Part of the atonement is the gift of immortality to all.  Jacob points out that if there were no resurrection, and our bodies just wasted away to nothing, then our spirits would be left abandoned, and we would be no different than the spirits who fell with Lucifer and never obtained bodies.

It goes back to Isaiah 14:12-15 and Revelation 12:7-9, where we learn that Lucifer, or Satan, was literally a spirit son of God, he was at one time “an angel” in authority in the presence of God; however, he rebelled in the premortal life, at which time he persuaded a third of the spirit children of the Father to rebel with him, in opposition to the plan of salvation championed by Jehovah (Jesus Christ). “Thus came the devil and his angels” (D&C 29:37). They were cast out of heaven, and were denied the experience of mortal bodies and earth life (Isa. 14:12–15; Rev. 14:4–9; 2 Ne. 2:17; 9:8; D&C 29:36–38; 76:25–26; 93:25; Moses 4:1–4; Abr. 3:27–28). (Bible Dictionary).

In contrast, the other 2/3rds of the Spirits – the ones who were not cast out – that was us.

This was the War in Heaven.

Heavenly Father had a plan for us all to come to earth, and develop real love for Him by choosing to love Him.  This ability to choose is called agency.  But because we would not be able to do this perfectly, we needed the atonement.  We needed someone to pay the price, and it was our eldest brother – Jehovah (Christ) – who volunteered.

But His volunteering was not just to pay that price, but to do it Heavenly Father’s way, for Heavenly Father’s glory.

Lucifer, on the other hand, wanted to force everyone to love Heavenly Father, and then keep the glory for himself since everyone would make it back.  This was not Heavenly Father’s way.

So we fought to defend Jehovah’s way, and Lucifer was kicked out.

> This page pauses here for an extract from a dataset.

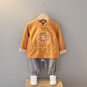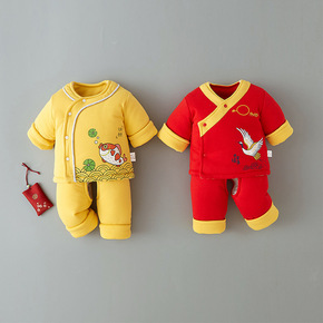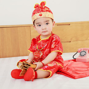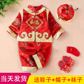 中国风秋季长袖唐装儿童中式红色喜庆百天宝宝衣服周岁...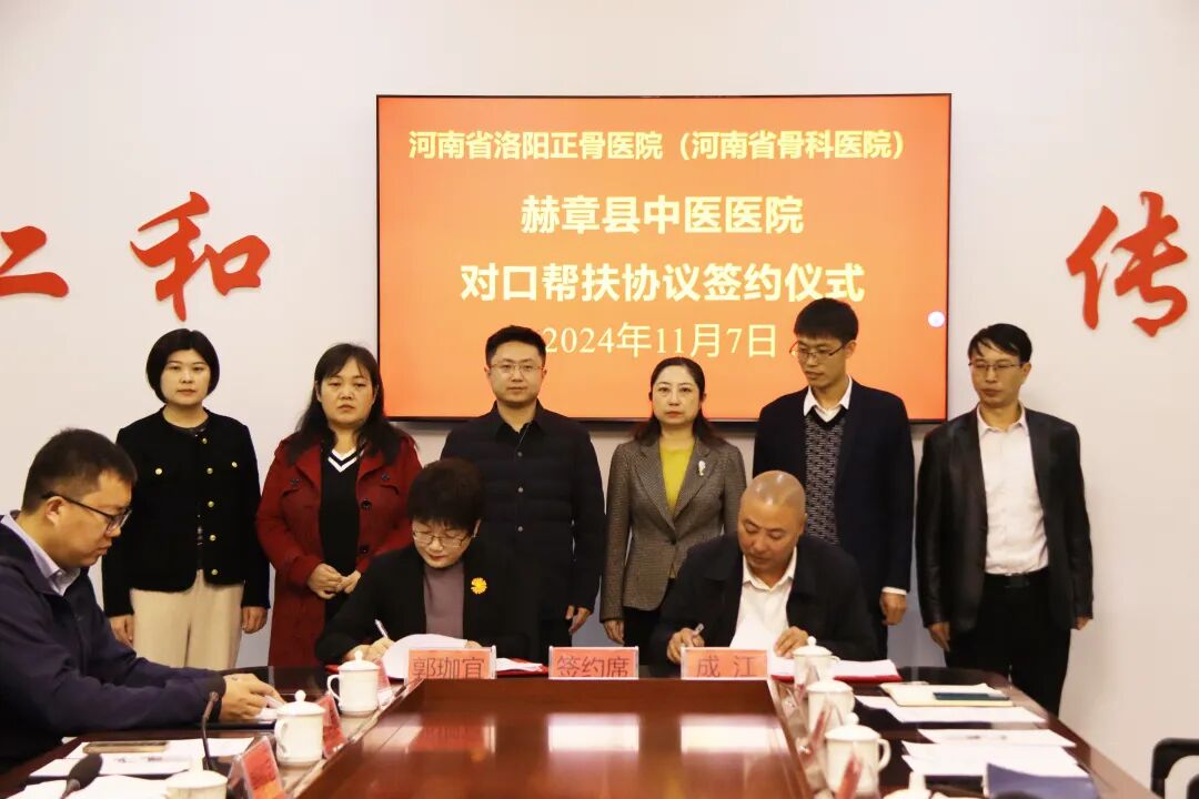 会议签署了《河南省洛阳正骨医院(河南省骨科医院)“地域+领域”组团式帮扶赫章县中医医院对口帮扶协议》,平乐郭氏正骨流派传承工作室为赫章县中医医院工作站授牌。

Part of those consequences was that Lucifer – and those that followed him – was that they did not get to come to Earth to be born in bodies and to “gain earthly experience” (Family Proclamation) because they had already rejected Heavenly Father’s plan and Jehovah’s offering to be the sacrifice for us.  Because they rejected the sacrifice, they did not get the opportunity to live on earth and get bodies.  This means they missed out on our preparation for coming to earth, including the assigning of the “bounds of time and place”, the premortal covenants, and the ordinances that established those covenants.  They missed out on all the training that prepared us to come to earth to receive our bodies and learn to make good choices.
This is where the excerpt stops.